The Ordinary Evening Reading Series is proud to inaugurate its Fall 2008 program with readings by novelist (and Ordinary Evening co-curator) Alice Mattison and poet Cameron Gearen.
Alice Mattison—one of the four organizers of the Ordinary Evening series—will read from her new novel, Nothing Is Quite Forgotten in Brooklyn, which will be published by HarperCollins on September 16, the day of her reading. An excerpt appeared recently in The New Yorker. Alice’s most recent book, In Case We’re Separated: Connected Stories, was a New York Times Notable Book of the Year in 2005 and won the Connecticut Book Award for fiction. She is the author of four other novels and three other collections of stories. She lives in New Haven and teaches in the MFA program at Bennington College in Vermont, and in the Fine Arts Work Center summer workshops in Provincetown, MA.

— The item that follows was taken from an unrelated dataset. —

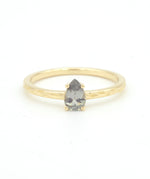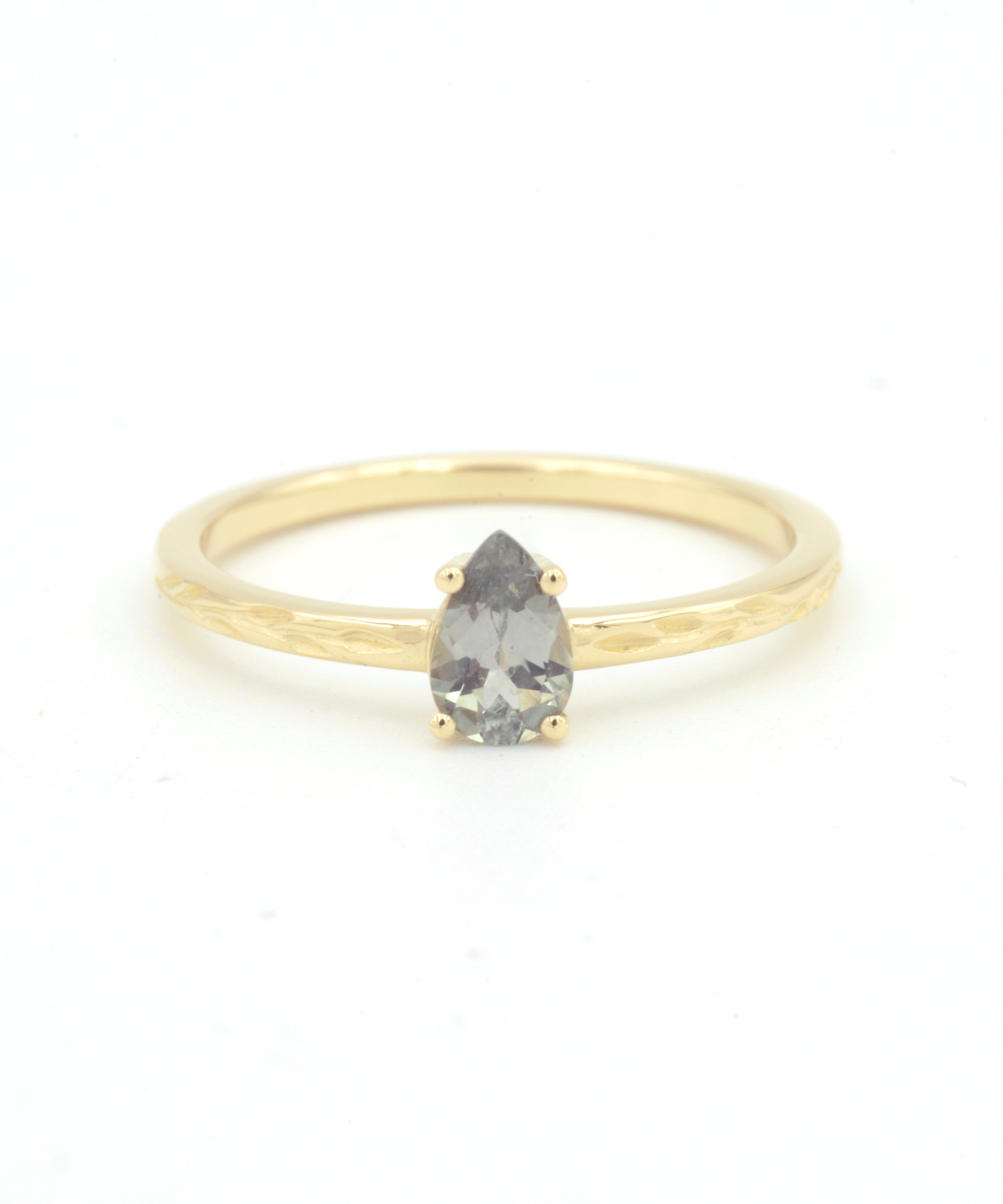 This Nami Ring is set with a one of a kind 6x4mm gray-green pear shaped Montana sapphire in a 14k yellow gold band with olive branch engravings on either side.

Cameron Gearen was born in New Haven and grew up in Oak Park, Illinois. She has published a chapbook of poetry entitled Night, Relative to Day that was selected by Robert Pinsky (2004). Her poetry has appeared in Fence, The Antioch Review, Crazyhorse, Poetry Northwest, The Bellingham Review, River Styx, Quarterly West, Another Chicago Magazine, Northwest Review and elsewhere. She won the Grolier Prize in 1994, the W.B. Yeats Society Poetry Contest in 2001 and the 2005 Lynda Hull Prize from Crazyhorse. She currently teaches in the English Department at Hamden Hall Country Day School.